See also Albany, Americus, & SW Georgia Freedom Movements for web links.

Contents

The Organizing Methods of SNCC & SCLC
Direct Action in Albany
Dr. King & SCLC in Albany
Chief of Police Pritchett
The Albany Movement
The Injunction

 

The Organizing Methods of SNCC & SCLC

Charles Sherrod

Well, the way that SCLC (Southern Christian Leadership Conference) organized could be described like this — a field secretary for SCLC would come into town and talk to the leaders, the assumed leaders in a town, like the ministers, the lawyers, teachers, the professional people in the community. And would then direct them toward some goals and some objectives, short-range, long-range, goals. And then bring in the others, the children, and the high-school students and college students.

The way Student Nonviolent Coordinating Committee (SNCC) went after it was, I'd say, exactly opposite. We would go into a town and find out where the children hung out, high school kids, the college kids. And find out what was happening, you know, what was the main issue in the various communities. In one town, [there] might be five or six issues. Perhaps, I believe in Albany, Georgia, there was a lot of brutality from police going on, that sort of thing. So, you think of what is it that would upset, that has upset people the most in the community. And after observing that, move the young people toward that, and deal with it.
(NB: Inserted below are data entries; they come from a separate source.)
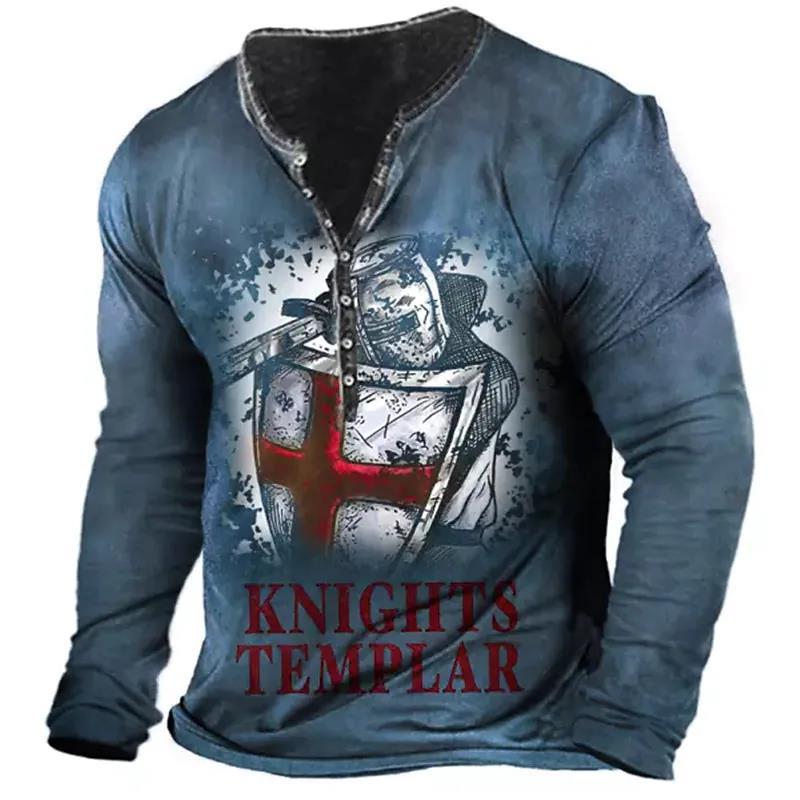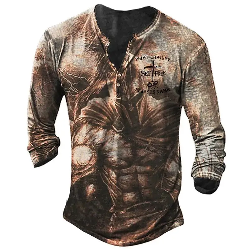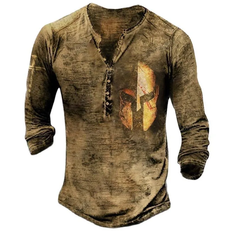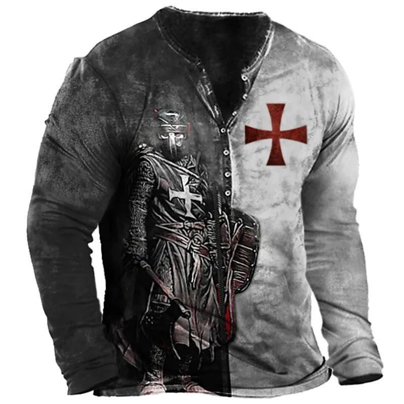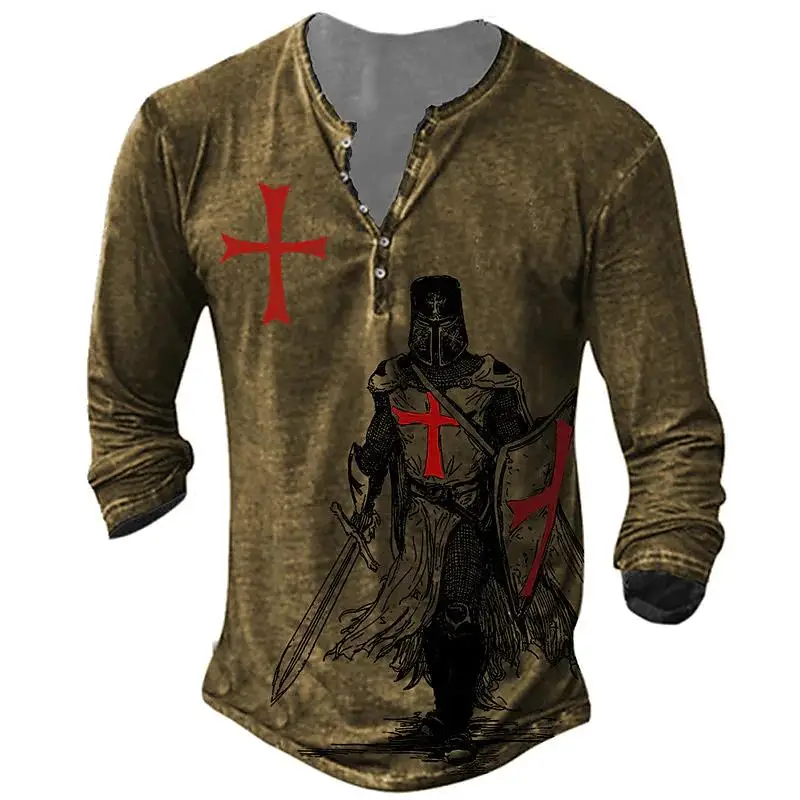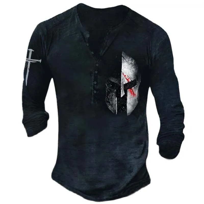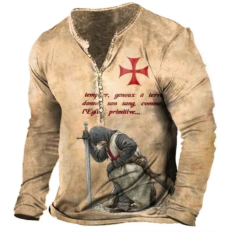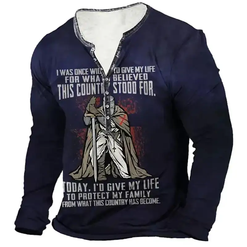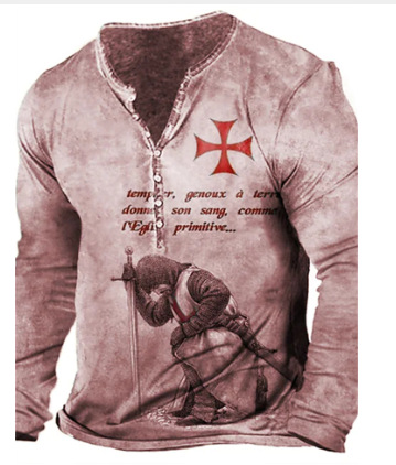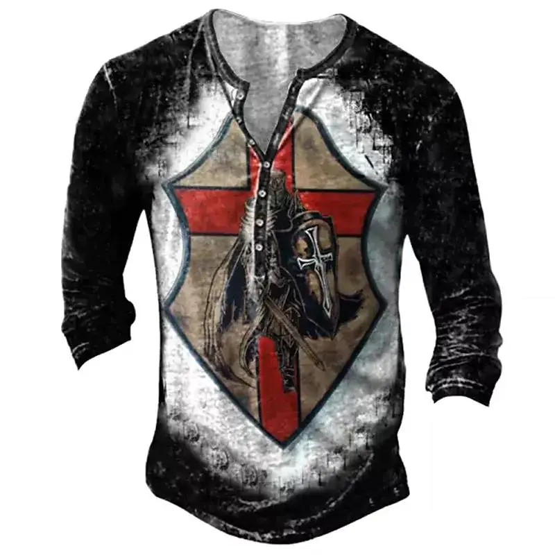 공장 다이렉트 AliExpress 핫 남성용 7 버튼 오픈 플래켓 버튼 티셔츠 디지털 인쇄 남성용 긴팔 티셔츠
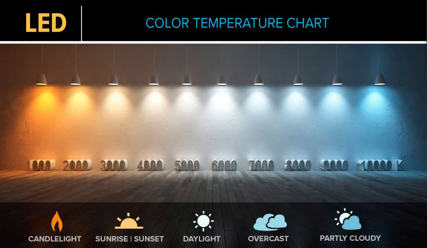 Цветовая температура измеряется в кельвинах. Чем выше это значение, тем холоднее свет.
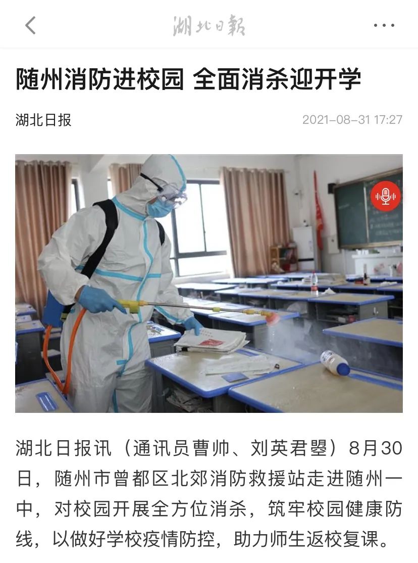 8月30日,随州市曾都区北郊消防救援站走进随州一中,对校园开展全方位消杀,筑牢校园健康防线,以做好学校疫情防控,助力师生返校复课。
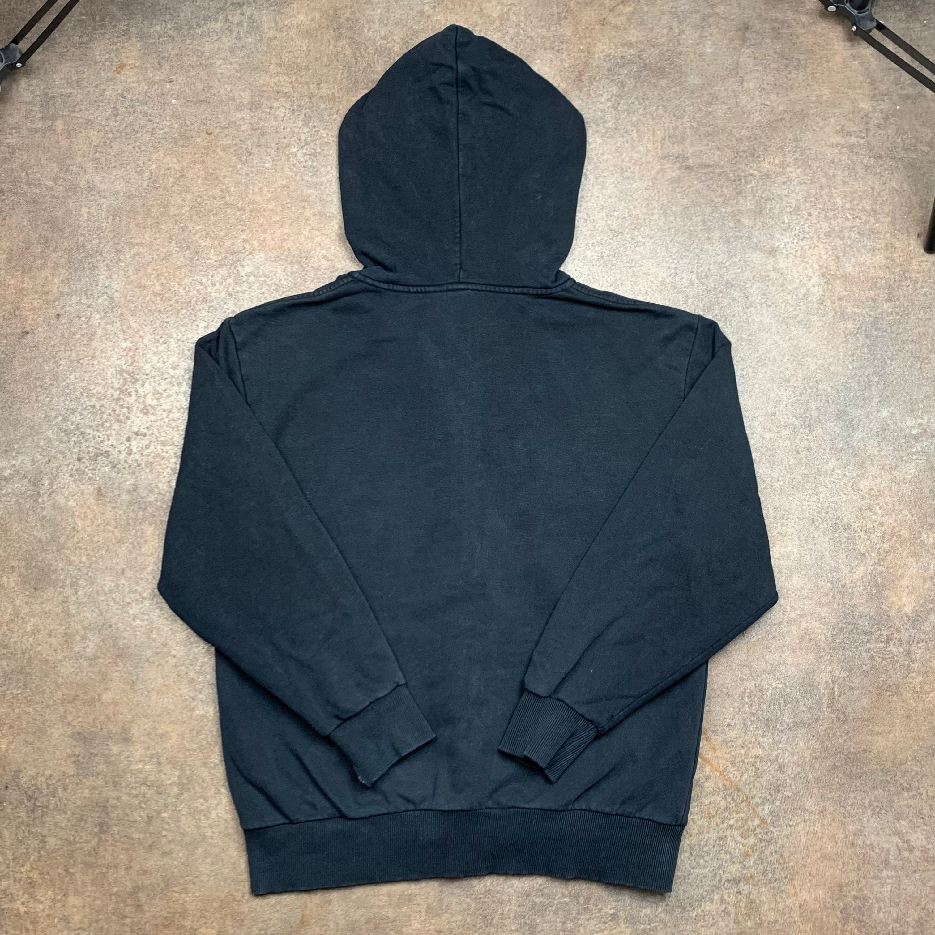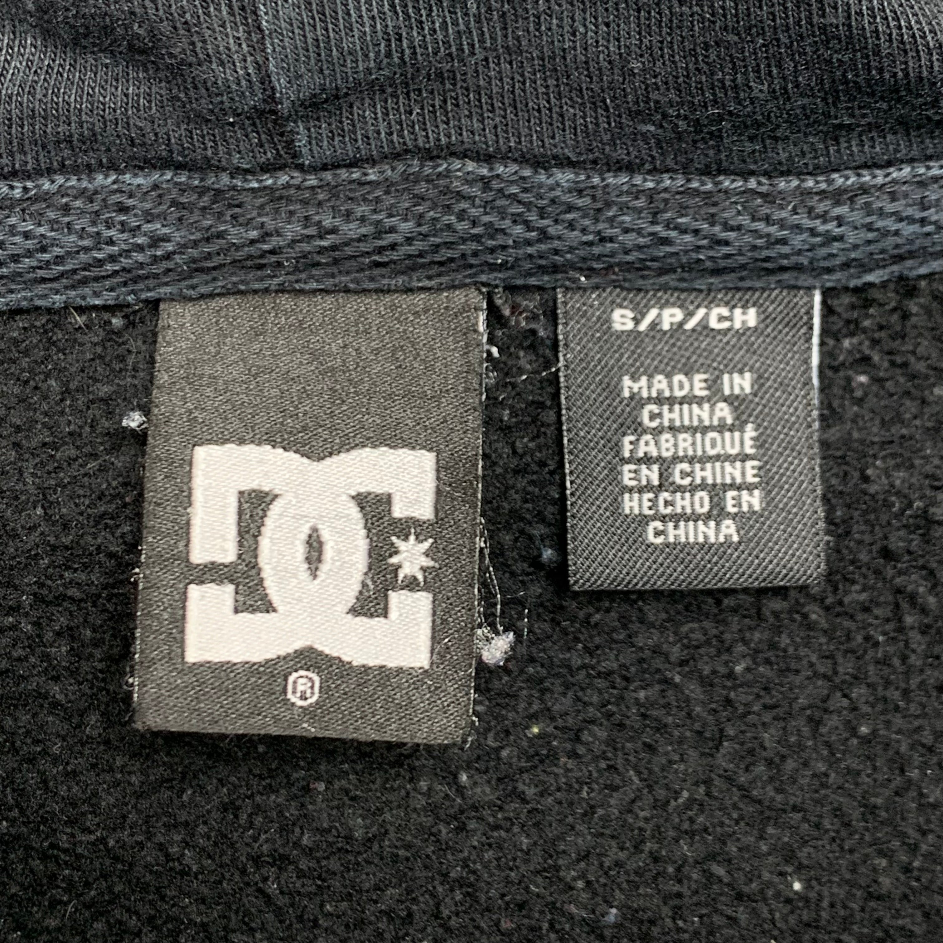 Vintage DC hoodie with a white big star logo through the zip, coloured black all over & in great second hand condition with some small rips to the sleeve cuffs as shown.
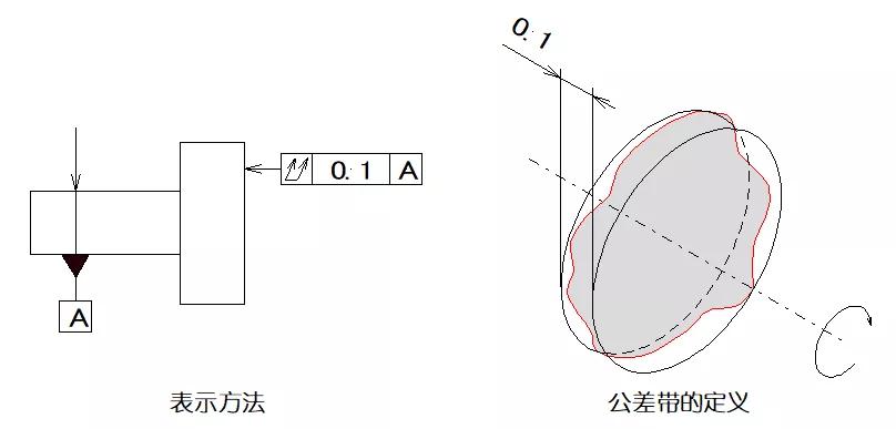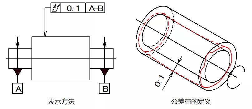 ▲图例说明1:公差带是距离为半径差0.1mm,且与基准同轴的两圆柱面之间的区域。
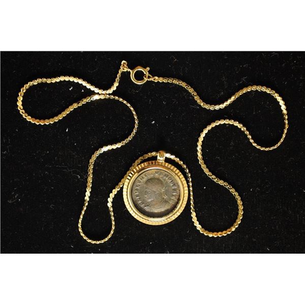 250-390 A.D. ANCIENT COIN IN GOLD FILLED NECKLACE118 - 250-390 A.D. ANCIENT COIN IN GOLD FILLED NECKLACE

Segregation in those days, of course, was an issue. So from issues we went to who was the spirited among the people, among the young people. Who talked the most? Who was the, who were the leaders among the young people? And after talking about the issues, after talking about the method that we thought would achieve those goals and short-range and long-range objectives that we had, then we made our move, trying to develop some imagery of leadership. What I mean by that, is that most people don't see themselves as being leaders, although they're just natural leaders, some people [are] just natural leaders.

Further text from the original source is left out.